Amazing 1966 Amphicar Model 770.

Is the Tuscan Speed 6 the best-looking modern TVR?

Impressive carbon'd, Vauxhall 16-Valve powered 70s Mini.

Could you go back to the future in this DeLorean DMC-12?

Impressive, imposing Lamborghini 400 GT.

The Citroen Traction Avant was the world's first front-wheel drive steel monocoque production car.

This is one of only three right-hand drive ISO GRIFO's produced out of a production run of just 17.

The Jaguar D-Type was a factory-built race car, its most ground-breaking innovation was the introduction of a monocoque chassis.

The elegant Lotus Elite was an ultra-light two-seater coupe, produced from 1958 to 1963.

There can't be many 1983 Alfa Romeo Giulietta's that haven't sadly rotted away.

Impressive attention to detail with this Vauxhall PA Cresta mated to modern Jaguar XJR mechanicals.

Proper American Ford Hot-Rod.

Subtly modified, Vauxhall-powered, Ford Escort MK1 looked cool.

The original BMW Isetta bubble car, seen off by the Mini in the 60s.

Rear-engined Renault Caravelle is a rare sight.

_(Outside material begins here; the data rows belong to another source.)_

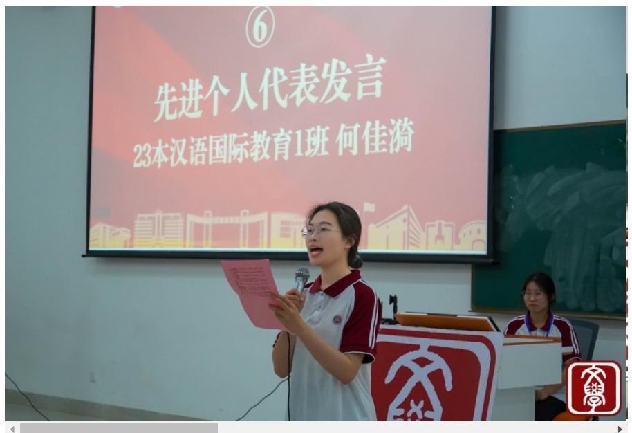 在热烈的掌声中,激动人心的颁奖环节圆满落下帷幕,大会也随之步入第六项议程— 先进个人代表发言。 此刻,全场的目光都聚焦在舞台之上,在激昂的鼓掌声中,作为 先进个人代表的何佳漪同学稳步登台,她身姿挺拔,脸上洋溢着自信与自豪。何佳漪同学的发言逻辑清晰、层次分明,既有对过往经验的深度总结,也有对未来发展的独到见解。她以朴实无华的语言回顾奋斗历程,用鲜活的事例讲述成长感悟,字字句句都展现了先进者的责任担当,也传递出鼓舞人心的力量,让大家在倾听中对工作、学习以及成长都有了一定的认识。
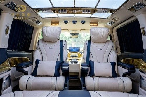 奔驰V260L改装平顶七座圣母峰版商务车侧壁及包覆部分,顶部包覆采用日本东丽的顶级埃尔坎塔拉,一般用于超跑和劳斯,宾利内饰上,商务车首次合作运用,您可以感受一下,做工和缝线极其精细,材质更加环保,麂皮绒材质可降低外界带来的风噪声,可吸音降噪,冬天保暖,夏天隔热。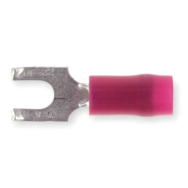 Fork Terminal, #6 Stud Size, 16 AWG, 600 V, Nylon Insulated, Red, Crimp Termination Only, 100 PK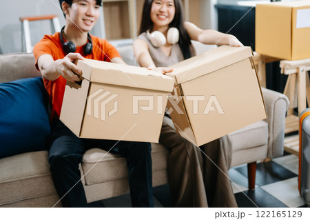 attractive couple man and woman with big boxes moving into a new house, new apartment for couple the new home, Moving house.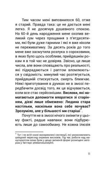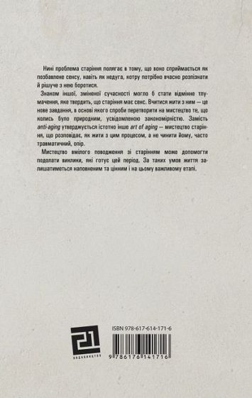 Ведучи мову на непросту тему старіння, Вільгельм Шмід дуже просто, зрозуміло, толерантно і водночас чесно розмірковує про цей неминучий і закономірний процес. Він пропонує десять кроків до душевного спокою. Його книга читається, як хоку під супровід звуків японської флейти, води, вітру, бамбукових дзвоників у японському саду, падіння листя дерев на водну поверхню. Це мистецтво - мистецтво старіння, мистецтво вмілого поводження зі старінням.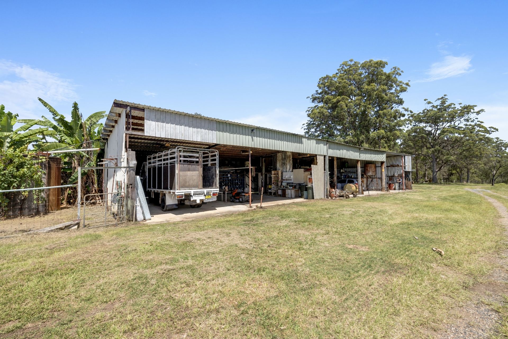 With multiple sheds across the property and separated into several paddocks, with a lane way running down the left side, almost all the way to the river and stockyards at the front of the property make this an ideal property for graziers, plenty of space for storing machinery and easy access to sort cattle. Worried about water? There are plenty of options available here with a large dam, several water tanks, and a pump available from the River – this property really does have it all. The River once had a track to it – it wouldn't be too hard to make this a reality again.
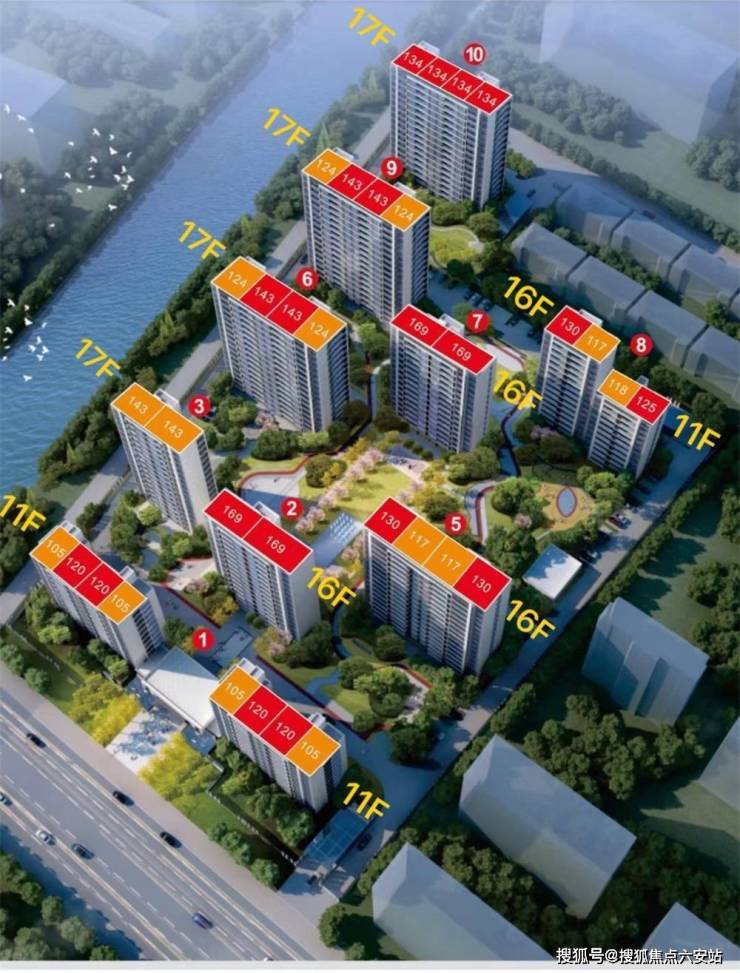 项目层高:1#楼11层;3#、6#、9#、10#楼17层;2#、5#、7#楼16层;8#楼东边单元11层和西边单元16层

The legendary Ferrari F40, one of the first proper supercars.

Real or fake? I couldn't tell, but this rally look-alike Lancia Stratos really looked the part.

This Dodge Charger is a perfect example of 70s American muscle car.

Fancy a Vauxhall that's capable of 176mph? Well, what you need is this four-seater Lotus Carlton.

Love this original MK1 Lotus Cortina, it was one of many collaborations Ford made with the race car manufacturer.

Here's a slice of 70s wedge in the form of this early Triumph TR7.

The 356 was Porsche's first production car and worth serious money these days.

The best-known of James Bond's company cars, the Aston Martin DB5.

Love the square styling of this 60s Lancia Fulvia.

Another sports car legend from Honda? The 80s CRX 1.6 16v has got to be a classic in the making.

Top Gear aren't the only people to like the distinctive GT styling of the Jensen Interceptor.